Griffin menyunggingkan senyumnya. Tanpa mendengarkan kata-kata dari Samuel, ia hanya menimpali ucapan Rainer saja. "Tapi, Tuan. Sepertinya agak lucu juga. Bukankah, setelah menikah, pihak wanita akan ikut kemanapun suaminya pergi. Maksud saya, bukankah seharusnya, pihak wanita ikut dengan pihak lelaki dan menjadi tanggung jawab mereka?"
"Ya, memang. Tetapi saya tidak sampai hati, untuk membiarkan putri kesayangan saya, bersama dengan pria yang bahkan tidaklah dia kenal dengan baik ini," ucap Rainer sembari menatap Samuel, yang raut wajahnya nampak masam. Kalau bukan karena terpaksa, mana mungkin ia bisa berada di sini juga.
"Ya maka dari itulah, gunanya pernikahan ini. Mereka akan tinggal bersama. Mereka akan saling mengenal satu sama lain. Lagipula, bayi yang sedang dikandung oleh putri Tuan adalah milik putra kami juga. Masa iya, mereka dibiarkan tinggal terpisah dan tidak saling mengenali orang tua sendiri? Saya rasa, itu terlalu egois, Tuan. Kita memang orang tua. Pasti menginginkan yang terbaik untuk anak-anak kita. Tetapi, putra saya juga berhak dilihat. Jangan hanya karena nila setitik, maka rusak s**u sebelanga. Dia tidaklah seburuk itu. Meskipun, dia melakukan kesalahan yang cukup fatal. Tapi bukan berarti, dia tidak memiliki nilai yang bagus sedikitpun. Kami bisa jamin itu. Jadi kalau bisa dan tidak keberatan. Untuk sementara, bagaimana bila setelah menikah nanti, mereka tinggal di sini satu Minggu dan juga tinggal di tempat kami satu Minggu. Tidak berat sebelah kan? Kami juga akan memantaunya dengan baik di kediaman kami. Lagipula, ada istri dan juga anak perempuan kami di rumah. Saya rasa, Tuan tidak perlu khawatir. Bagaimana dengan saran saya ini??" tanya Griffin.
Rainer menghela napas dan mengembuskannya dengan kasar. Ia pandangi putrinya dulu yang tengah tertunduk diam, lalu menatap Griffin dan berbicara dengan sedikit berat hati.

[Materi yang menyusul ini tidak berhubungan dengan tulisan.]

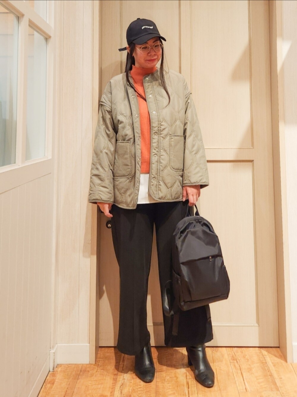 ご覧いただきありがとうございますm(_ _)m キルトジャケット、レイヤード風のトップスにワイドパンツでカジュアルスタイルにしてみました。 小物をリュックとキャップを合わせて更にカジュアル感をアップさせました。 カーキとオレンジの相性の良さを知れた組み合わせになりました(^^♪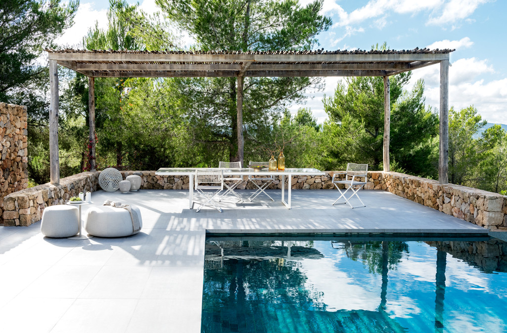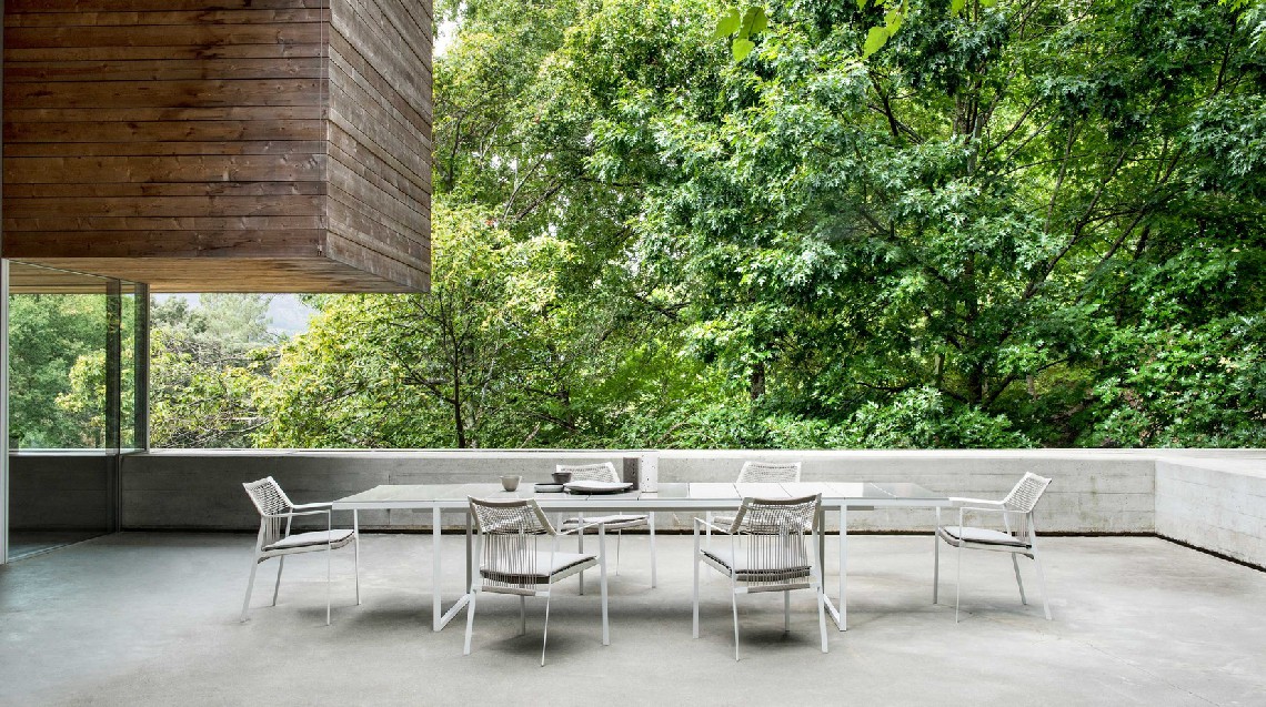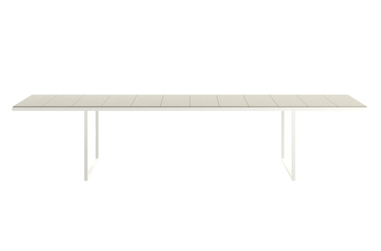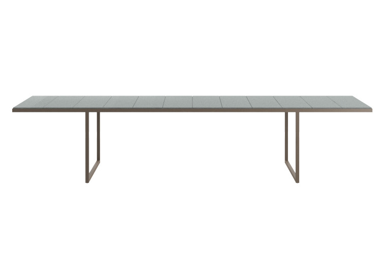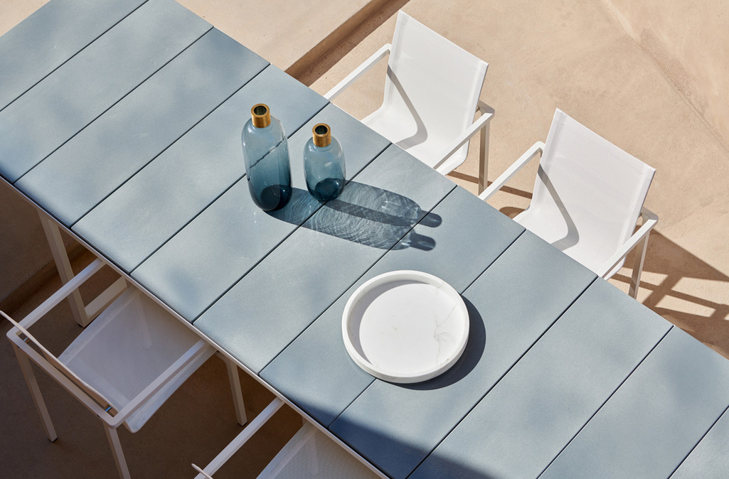 The generous Nox table is nothing short of a masterpiece, featuring a sophisticated table top of glazed lava stone. The glazed slats, made of 400-year old lava stone from the Vesuvius, mirror the sky and are reminiscent of rippling water. The coloured glazing is added by hand. Baking at a high temperature creates a subtle craquelure finish, giving each table a unique look and making the stone heat, water, UV and stain-resistant, not to mention easy to maintain. The Nox tabletop rests on a slender yet strong frame made of powdercoated stainless steel, giving the table a surprisingly light and elegant look.

"Ya sudah. Kita akan mencobanya. Tetapi, bila terjadi hal-hal yang tidak mengenakkan kepada putri kami. Kami akan mengambilnya kembali dan akan mengambil jalur hukum."
"Iya, Tuan. Kami mengerti. Kami akan mengingat itu baik-baik. Jadi, bagaimana kalau kita langsung saja membicarakan tanggal pernikahan? Lebih cepat akan lebih bagus."
"Ya sudah," ucap Rainer yang kini hanya bisa pasrah.
Setelah pembicaraan yang cukup serius antar dua keluarga tersebut. Keluarga Anderson pun pamit undur diri.
Samuel masuk ke dalam mobilnya dengan bengis. Apa-apaan dengan kesepakatan gila tadi. Ia disuruh untuk tinggal, dengan lelaki yang sudah meninggalkan memar di wajahnya?? Apa ia tidak akan dibuat babak belur, bila harus tinggal di sana juga.
"Dad?? Kenapa Sam harus tinggal di sana??" protes Samuel, ketika sudah berada di dalam mobil dan ia duduk di kursi belakang bersama dengan sang ibu.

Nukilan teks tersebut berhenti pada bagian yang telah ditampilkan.